> **PROMPT**
Could you repeat exactly the lines below, from the line containing "Dog Treat Bag" through the last one, both included, while leaving out any pictures?

> **SUPPLIED INFORMATION**

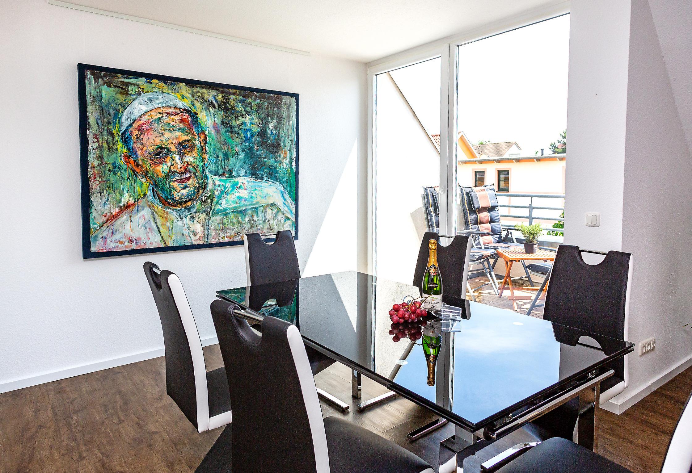 Direkt am Yachthafen von Waren, finden Sie eine einzigartige Ferienwohnung. Auf zwei Etagen verteilt ist diese Wohnung perfekt für bis zu 6 Personen geeignet. In der unteren Etage befindet sich das Duschbad sowie eines der zwei Schlafzimmer. besonders jedoch ist das Wohnzimmer mit Esstisch und hervorragender Küche, bei deren Einricht an alles gedacht wurde. Nicht nur modern, sondern durchdacht ist das Gesamtkonzept der Einrichtung. Ganz besonders sind die zwei Bilder, die von einem Künstler der Region geschaffen wurden.
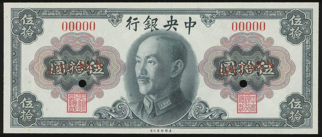 1945年中央銀行金元券50元樣票,美鈔版, 蔣介石像,打孔注銷,UNC品相
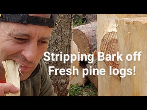 Strip off bark from fresh cut logs with trick on removing sticky Pine
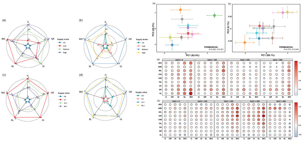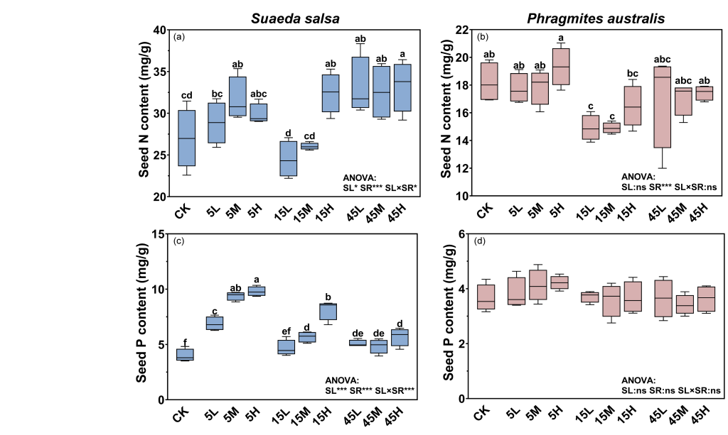 结果表明,长期施肥使盐地碱蓬种子中磷含量显著增加了 17.1%~146.0%,而氮含量变化不大。相比之下,芦苇种子的氮磷含量在不同处理下保持相对稳定。两物种种子的萌发和早期幼苗生长对各种施肥处理的响应不同。盐地碱蓬种子对长期施肥表现出较高的敏感性,在高养分水平或 5:1 供给比下萌发和早期幼苗生长表现最佳。相反,芦苇种子在中等养分水平或更高的氮磷比(15:1 或 45:1)下表现更好。相关性分析表明,盐地碱蓬种子中 P 含量与发芽率、发芽速率、发芽指数和早期幼苗生物量呈显著正相关,而 N 含量仅与生物量呈显著相关。而芦苇种子的氮磷含量与萌发或早期幼苗生长之间无显著相关性。这些发现揭示了不同物种在长期养分富集环境下所采取的特异性响应策略差异,并可能最终影响物种共存、群落演替和滨海湿地在持续全球变化下的恢复力。
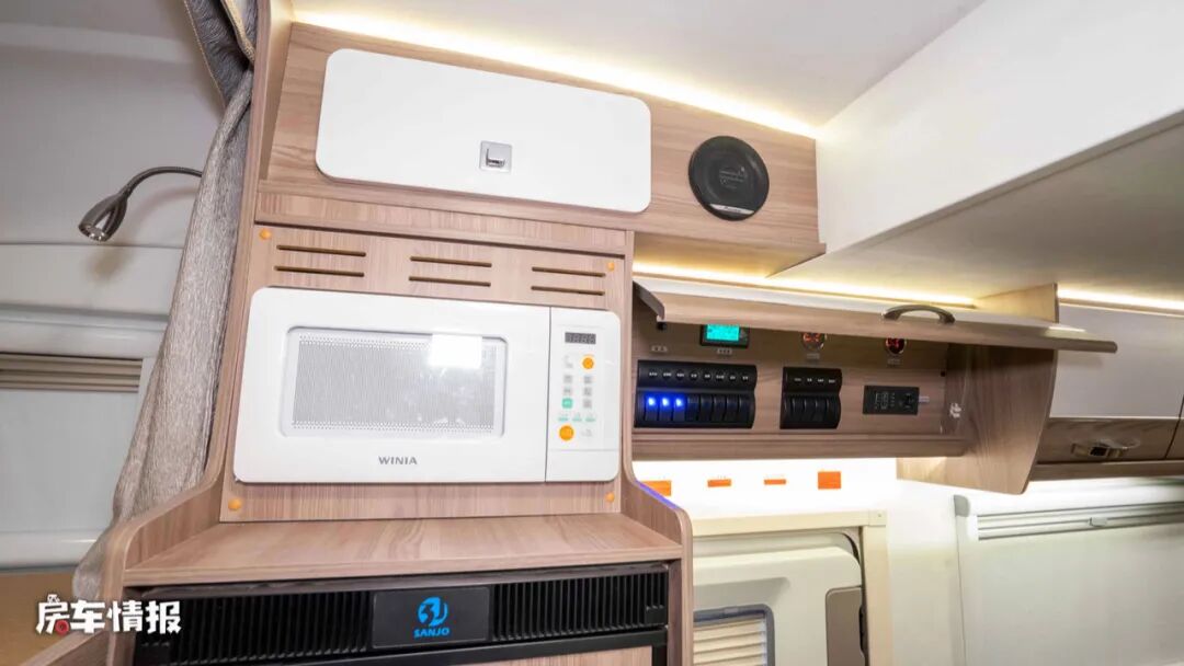 副驾驶后方放置了一台152L的车载冰箱,平时坐在会客区看电视的时候顺手就可以拿一些零食饮料,还是非常方便的。
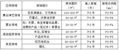 表1 舞臺租賃領域點間距需求
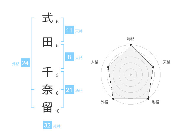 式田 千奈留さんを姓名の画数から五運を鑑定
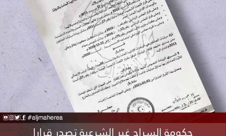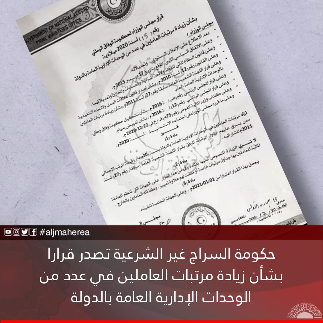 أصدرت حكومة السراج غير الشرعية قرارا بشأن زيادة مرتبات العاملين في عدد من الوحدات الإدارية العامة بالدولة .
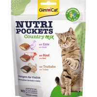 GimCat Nutri Pockets Country Mix zijn knapperige kussentjes met een heerlijke vulling. De eend, rund & kalkoen versie is bijzonder lekker en bevat ook vitamine A, E en D3. Samen activeren ze het afweersysteem van het lichaam en verhogen ze de vitaliteit.Specificaties
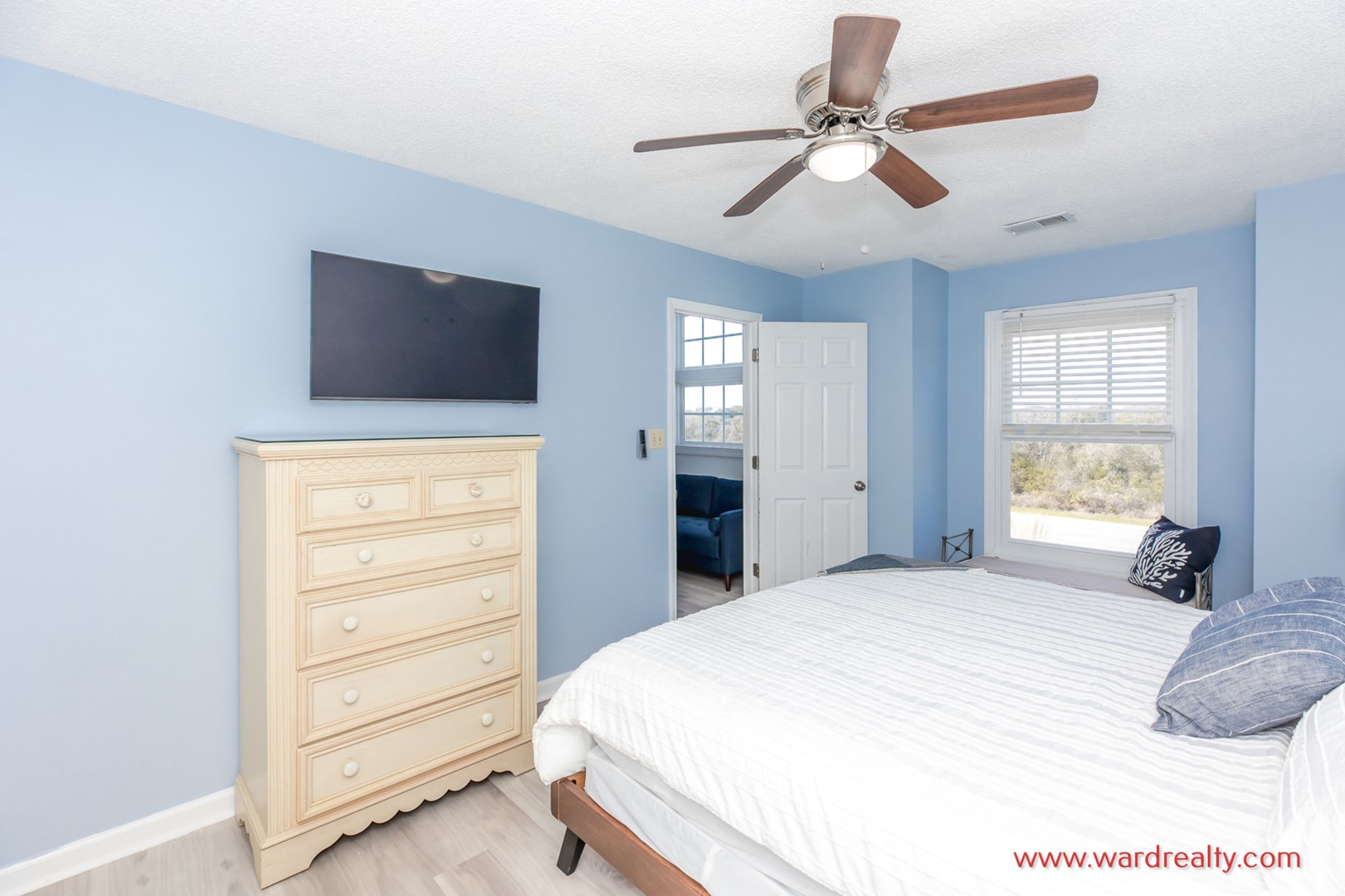 - Middle North Bedroom: Queen Bed; TV
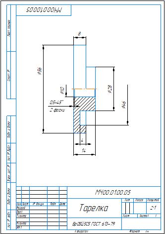 Рабочий чертеж детали МЧ00.01.00.05 тарелка в компасе из сборки МЧ00.01.00.00 из сборника по деталированию Боголюбова
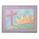 Un diseño de vidrieras que ilustra la mañana de Pascua, con una cruz roja parada en las verdes colinas junto a un ardiente amanecer.
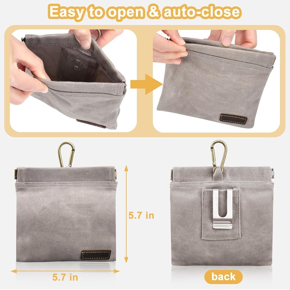 Dog Treat Bag with Waist Clip,Dog Treat Pouch,Portable Outdoor Training Dog Walking Snack Bag,Pet Feeding Pocket for Leash with Auto-Closing Opening (Grey)
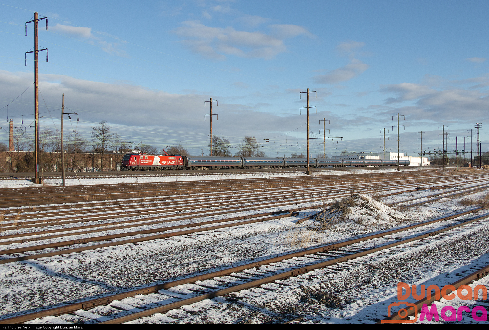 Amtrak's Coca Cola Holiday wrapped ACS-64 leads Northeast Regional train 153 past Stiles Street Yard in Linden after a light dusting of snow from the night before.
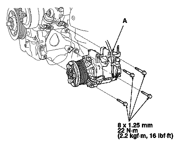 7. Install the A/C compressor in the reverse order of removal, and note these items:
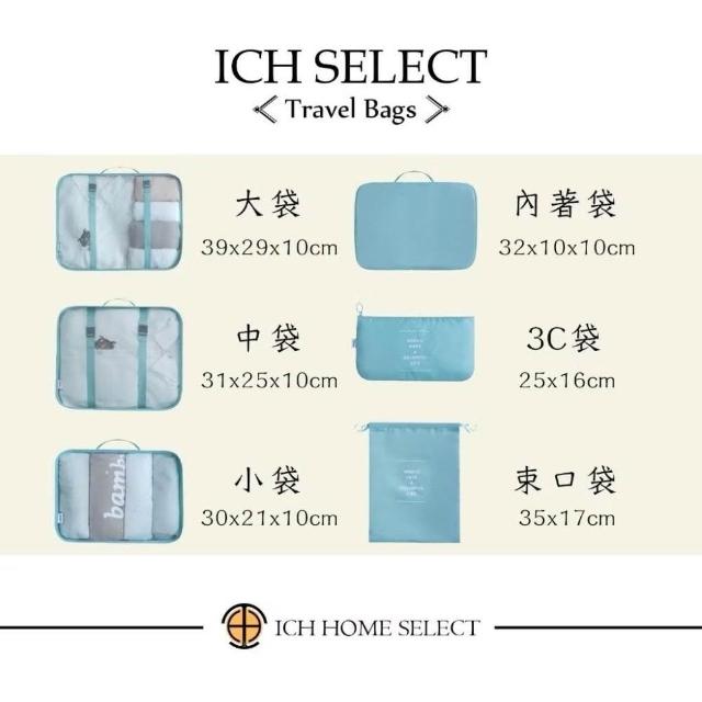 ICHco 實體門市 行李收納袋/分裝袋七件組-旅行用品行李箱登機箱旅行箱日本旅遊歐洲旅遊用品美國旅遊
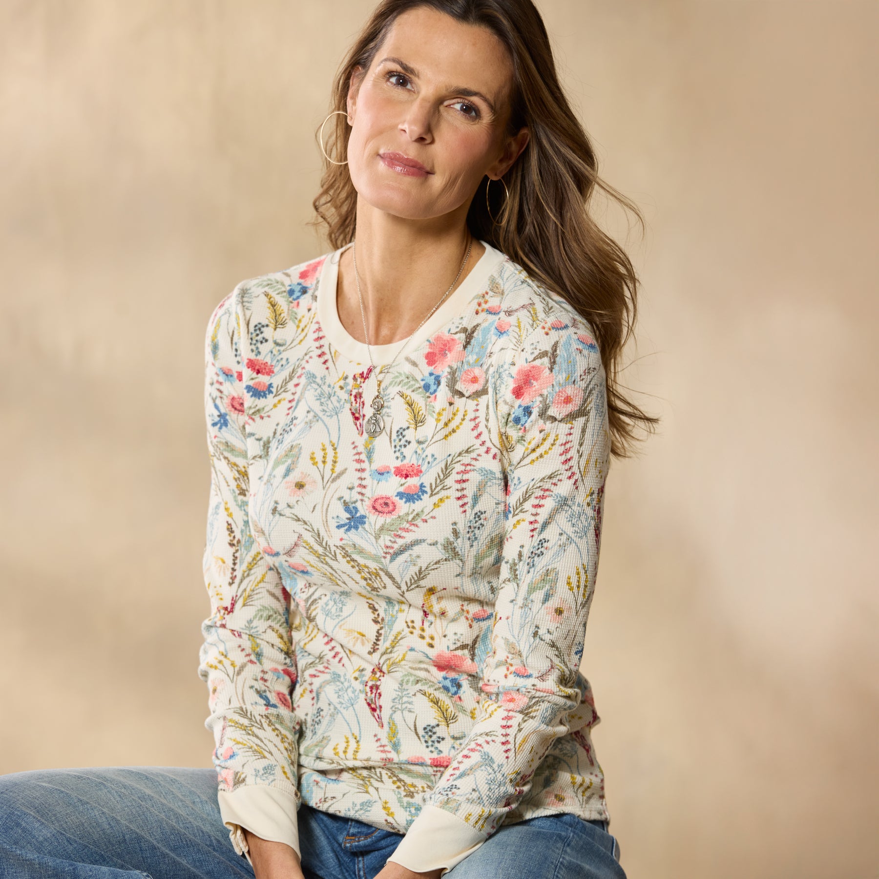 Our Sausalito is an update to a Sundance favorite—a cozy crewneck thermal in the loveliest floral print! Three-quarter sleeves with rib trim at the cuffs and neckline. Cotton/spandex. Machine wash. Imported. Exclusive. Sizes XXS (00). XS (0–2). S (4–6). M (8–10). L (12–14). XL (16–18). Approx. 23.5l.

> **ANSWER AREA**
 Dog Treat Bag with Waist Clip,Dog Treat Pouch,Portable Outdoor Training Dog Walking Snack Bag,Pet Feeding Pocket for Leash with Auto-Closing Opening (Grey)
 Amtrak's Coca Cola Holiday wrapped ACS-64 leads Northeast Regional train 153 past Stiles Street Yard in Linden after a light dusting of snow from the night before.
 7. Install the A/C compressor in the reverse order of removal, and note these items:
 ICHco 實體門市 行李收納袋/分裝袋七件組-旅行用品行李箱登機箱旅行箱日本旅遊歐洲旅遊用品美國旅遊
 Our Sausalito is an update to a Sundance favorite—a cozy crewneck thermal in the loveliest floral print! Three-quarter sleeves with rib trim at the cuffs and neckline. Cotton/spandex. Machine wash. Imported. Exclusive. Sizes XXS (00). XS (0–2). S (4–6). M (8–10). L (12–14). XL (16–18). Approx. 23.5l.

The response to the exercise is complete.